Hi Robin, I don't know the DMA mapping code well and haven't reviewed this patch set in particular, but I wanted to comment on some of the things you say here. > Marek, I'm surprised that even you aren't seeing why that would at best be > pointless churn. The fundamental design of dma_map_page() operating on > struct page is that it sits in between alloc_pages() at the caller and > kmap_atomic() deep down in the DMA API implementation (which also subsumes > any dependencies on having a kernel virtual address at the implementation > end). The natural working unit for whatever replaces dma_map_page() will be > whatever the replacement for alloc_pages() returns, and the replacement for > kmap_atomic() operates on.
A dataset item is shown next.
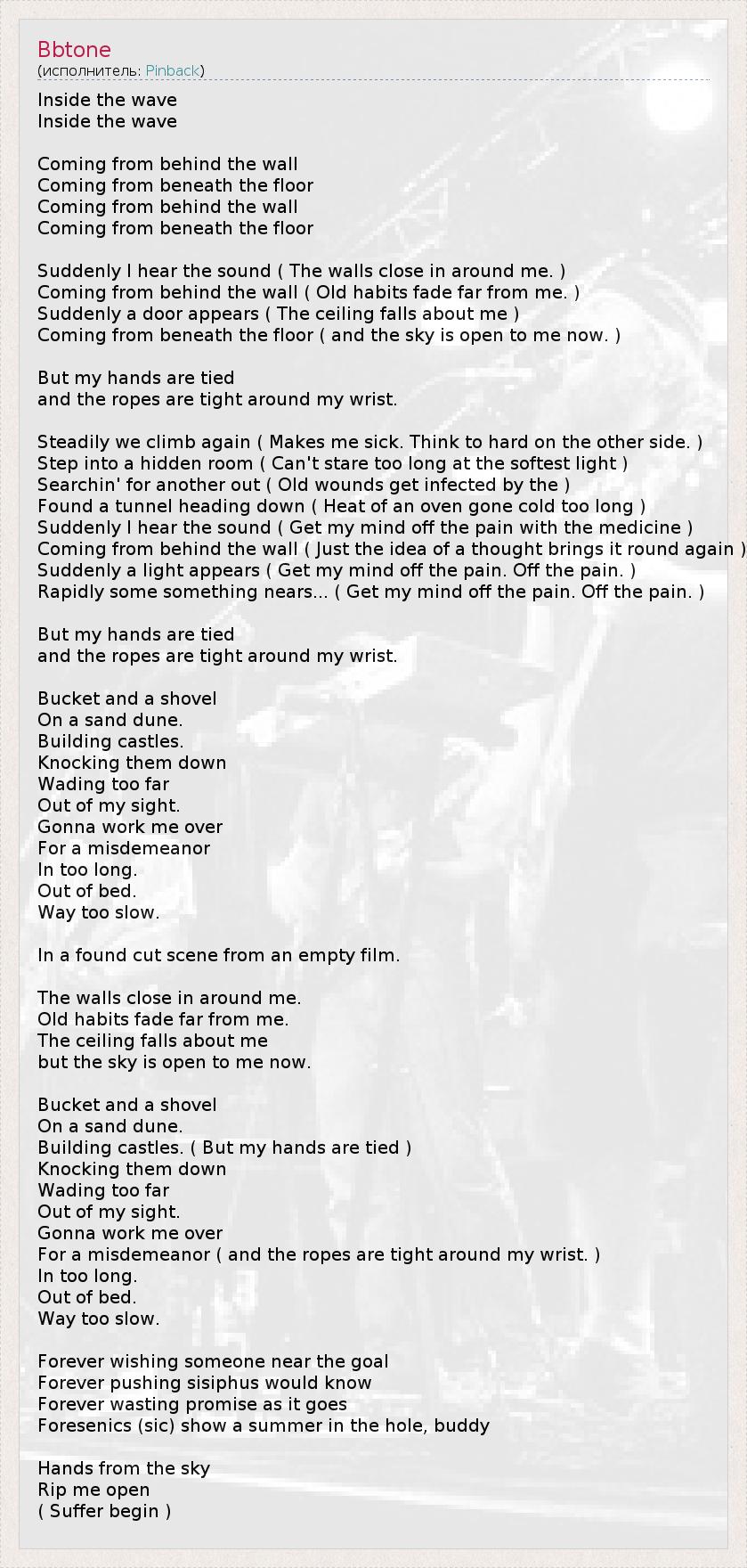 Inside the wave Inside the wave Coming from behind the wall Coming from beneath the floor Coming from behind the wall Coming from beneath the floor Suddenly I hear the sound ( The walls close in around me. ) Coming from behind the wall ( Old habits fade far from me. ) Suddenly a door appears ( The ceiling falls about me ) Coming from beneath the floor ( and the sky is open to me now. ) But my hands are tied and the ropes are tight around my wrist. Steadily we climb again ( Makes me sick. Think to hard on the other side. ) Step into a hidden room ( Can't stare too long at the softest light ) Searchin' for another out ( Old wounds get infected by the ) Found a tunnel heading down ( Heat of an oven gone cold too long ) Suddenly I hear the sound ( Get my mind off the pain with the medicine ) Coming from behind the wall ( Just the idea of a thought brings it round again ) Suddenly a light appears ( Get my mind off the pain. Off the pain. ) Rapidly some something nears... ( Get my mind off the pain. Off the pain. ) But my hands are tied and the ropes are tight around my wrist. Bucket and a shovel On a sand dune. Building castles. Knocking them down Wading too far Out of my sight. Gonna work me over For a misdemeanor In too long. Out of bed. Way too slow. In a found cut scene from an empty film. The walls close in around me. Old habits fade far from me. The ceiling falls about me but the sky is open to me now. Bucket and a shovel On a sand dune. Building castles. ( But my hands are tied ) Knocking them down Wading too far Out of my sight. Gonna work me over For a misdemeanor ( and the ropes are tight around my wrist. ) In too long. Out of bed. Way too slow. Forever wishing someone near the goal Forever pushing sisiphus would know Forever wasting promise as it goes Foresenics (sic) show a summer in the hole, buddy Hands from the sky Rip me open ( Suffer begin )

Until that exists (and I simply cannot believe it > would be an unadorned physical address) there cannot be any *meaningful* > progress made towards removing the struct page dependency from the DMA API. > If there is also a goal to kill off highmem before then, then logically we > should just wait for that to land, then revert back to dma_map_single() > being the first-class interface, and dma_map_page() can turn into a trivial > page_to_virt() wrapper for the long tail of caller conversions. While I'm sure we'd all love to kill off highmem, that's not a realistic goal for another ten years or so. There are meaningful improvements we can make, for example pulling page tables out of highmem, but we need to keep file data and anonymous memory in highmem, so we'll need to support DMA to highmem for the foreseeable future. The replacement for kmap_atomic() is already here -- it's kmap_(atomic|local)_pfn(). If a simple wrapper like kmap_local_phys() would make this more palatable, that would be fine by me. Might save a bit of messing around with calculating offsets in each caller. As far as replacing alloc_pages() goes, some callers will still use alloc_pages(). Others will use folio_alloc() or have used kmalloc(). Or maybe the caller won't have used any kind of page allocation because they're doing I/O to something that isn't part of Linux's memory at all. Part of the Grand Plan here is for Linux to catch up with Xen's ability to do I/O to guests without allocating struct pages for every page of memory in the guests. You say that a physical address will need some adornment -- can you elaborate on that for me? It may be that I'm missing something important here.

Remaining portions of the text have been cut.